(Beginning of DATASET EXTRACT)

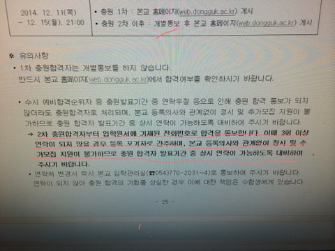 처음엔 수시합격이란소식에 너무좋아했는데 동국대입학처가 연결이 너무안되는겁니다 연결된후에 하는말이 이미등록기간도 끝나고 불합격으로 처리되어있고 수시합격자라 정시도 지원이안된다는 청천벽력같은 소리를 들었습니다
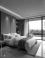 Do Sypialni - Modern bedroom with large bed, white linens, wooden wall, spacious terrace overlooking green... #1845891040
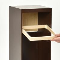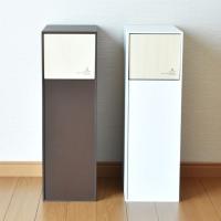 ウッドテイストが魅力のおしゃれなダストボックスです。スッとしたプロポーションはまるでインテリア。木目調がぬくもりのある雰囲気を演出してくれます。幅約19cmとスリムなのに容量はたっぷり。キッチンや家具の隙間にすっきり収まります。フロントオープンなのでゴミ捨ても簡単。上にちょとした物が置けるのも嬉しいポイントです。スイング式のフタは、ゴミ箱の中身が見えず、生活観を隠せます。一見ゴミ箱に見えないデザインで、小さいお子様やペットもいたずらしにくいです。カラーはお部屋やキッチンに合わせやすいブラウンとホワイト。高い技術で作られた日本製です。

(End of DATASET EXTRACT)

TASK TO CARRY OUT :: Would you output the full listing exactly as it stands, minus the images?

EXERCISE ANSWER ::
 처음엔 수시합격이란소식에 너무좋아했는데 동국대입학처가 연결이 너무안되는겁니다 연결된후에 하는말이 이미등록기간도 끝나고 불합격으로 처리되어있고 수시합격자라 정시도 지원이안된다는 청천벽력같은 소리를 들었습니다
 Do Sypialni - Modern bedroom with large bed, white linens, wooden wall, spacious terrace overlooking green... #1845891040
 ウッドテイストが魅力のおしゃれなダストボックスです。スッとしたプロポーションはまるでインテリア。木目調がぬくもりのある雰囲気を演出してくれます。幅約19cmとスリムなのに容量はたっぷり。キッチンや家具の隙間にすっきり収まります。フロントオープンなのでゴミ捨ても簡単。上にちょとした物が置けるのも嬉しいポイントです。スイング式のフタは、ゴミ箱の中身が見えず、生活観を隠せます。一見ゴミ箱に見えないデザインで、小さいお子様やペットもいたずらしにくいです。カラーはお部屋やキッチンに合わせやすいブラウンとホワイト。高い技術で作られた日本製です。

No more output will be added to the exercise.